Last week in the New Statesman they had Ziauddin Sardar, a darling of the British liberal media, spouting some of his well-known ideas. I am quite interested in Sardar because it was one of his books, now known as Introducing Islam, which was instrumental in influencing me to accept Islam. Nevertheless, the ideas put forward in his article in the NS last week, and in Introducing Islam, are just plain wrong, and worse, they are presented as fact and as widely-held opinion. They are, in fact, the opinions of a small intellectual group. Sardar's thesis is that, around the 14th century, Muslim scholars who were concerned about threats to their influence over Muslim society "closed the gates of ijtihad", in other words, banned fresh reasoning on religious issues. (Ijtihad means striving; it means personally exerting oneself to find answers to religious questions. It implies honesty, not judging by one's desires or opinions.) He alleges that it was replaced with taqlid, which he falsely translates as "blind imitation" when it actually means following qualified scholarship - in fact, most of the Salaf were people of taqlid as are most of those who criticise the practice today.

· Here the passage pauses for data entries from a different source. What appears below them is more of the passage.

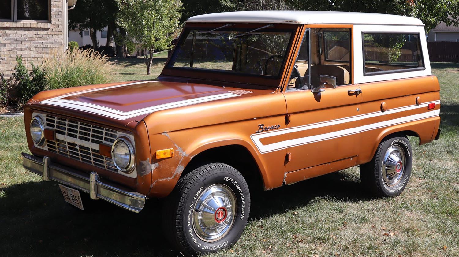 The 1974 Ford Bronco 302 in metallic orange combines storage history, mechanical refurbishment, and period equipment. With a 302ci V8, automatic transmission, and limited-slip differentials, it represents a capable and authentic classic heading to auction.
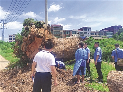 2021年6月,湖南省浏阳市金刚镇一村里两株挂牌古樟树异常枯死。警方摸排发现,这背后指向了一条毒死活树再倒卖牟利的犯罪链。经过一年多的侦查,警方抓获犯罪嫌疑人20人,在湘赣两省九县查明涉案古树43株,其中有35株遭到毒害。
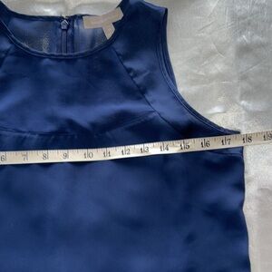 Banana Republic Sheet Inset Tank Navy Blue. Piped crew neck. Sleeveless. Sheer insets at front and back. Covered back zipper. Slightly High/low rounded hem. sleeveless, navy blue blouse with a sheer inset at the upper chest. Satin trim. Approximate measurements in photos. Excellent condition.
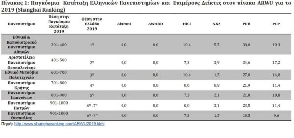 Το Εθνικό Καποδιστριακό Πανεπιστήμιο Αθηνών αναδεικνύεται για άλλη μία χρονιά ως το κορυφαίο ελληνικό πανεπιστήμιο από πλευράς ακαδημαϊκών και ερευνητικών επιδόσεων του προσωπικού του. Με βάση τα αποτελέσματα της φετινής Παγκόσμιας Ακαδημαϊκής Αξιολόγησης των Πανεπιστημίων (ARWU), γνωστή και ως «κατάταξη της Σαγκάης», επτά ελληνικά πανεπιστήμια βρίσκονται μεταξύ των 1.000 καλύτερων του κόσμου για την επιστημονική απήχηση και επίδραση των ερευνητών τους και τον αριθμό των δημοσιεύσεων σε επιστημονικά περιοδικά και βάσεις δεδομένων.
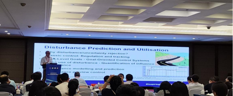 主旨报告环节,皇家墨尔本理工大学余星火教授以《Switching in Discontinuous Control: Myths, Pitfalls, and Opportunities》为题,系统剖析了非连续控制中的核心挑战与潜在机遇;英国拉夫堡大学陈文华教授分享了《Recent Progress and Some Open Problems in Disturbance Observer-Based Control》,探讨扰动观测控制的最新进展;东南大学教授李世华结合机电系统应用场景,展示了非光滑控制方法的创新研究成果。会议还设置多场专题论坛,与会期间学院教师与江苏大学、东南大学等高校专家学者深入交流,探讨“工业互联网实时控制”“大模型与群体智能融合”等前沿议题。李飞介绍了我校在产教融合平台搭建、校企联合培养及智能控制技术研发方面的实践成果,并分享了团队在非连续控制领域的最新研究进展,受到与会专家们高度关注。
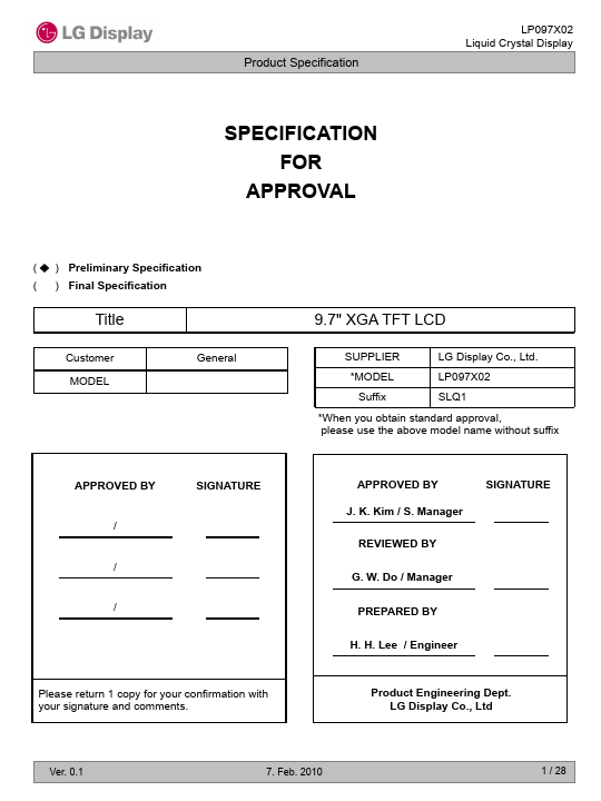 The LP097X02 is a Color Active Matrix Liquid Crystal Display with an integral LED backlight system. The matrix employs a-Si Thin Film Transistor as the active element. It is a transmissive type display operating in the normally Black mode.

He complains that this resulted in an intellectual degeneration, and was a major reason for the ease with which the Muslims were later colonised. Sardar advocates the re-opening of the "gates of ijtihad" and misrepresents the reason, and extent, to which they have been closed. The gates of ijtihad on new issues, such as the Islamic response to newly-available medical procedures, has never been closed, but ijtihad is restricted to qualified people. It takes years to reach the standard of knowledge necessary to make genuine ijtihad. A contemporary scholar (an American convert who studied for decades in Jordan and Syria) told a gathering I attended that he met many people who compared themselves to the early imams of ijtihad, and none of them could even properly recite the Fatiha, the short opening chapter of the Qur'an, properly, which Muslims are expected to recite at least seventeen times every day!

The issues on which the gates are closed are old issues, such as the particulars of worship and purification, which were settled in the first few hundred years of Islam by far better qualified people than are available today. Those that wish to open them today are in many cases reactionary Wahhabis, and their propaganda has caused much discord in the modern Muslim community. On top of this, the classical education in the four schools of thought is what stands to put the Muslim community back on its famous "Middle Path" and steer it away from extremism. To quote Abdul-Hakim Murad, "with every Muslim now a proud mujtahid, and with taqlid dismissed as a sin rather than a humble and necessary virtue, the divergent views which caused such pain in our early history will surely break surface again. Instead of four madhhabs in harmony, we will have a billion madhhabs in bitter and self-righteous conflict. No more brilliant scheme for the destruction of Islam could ever have been devised" (Understanding the Four Madhhabs: the Problem of Anti-Madhhabism).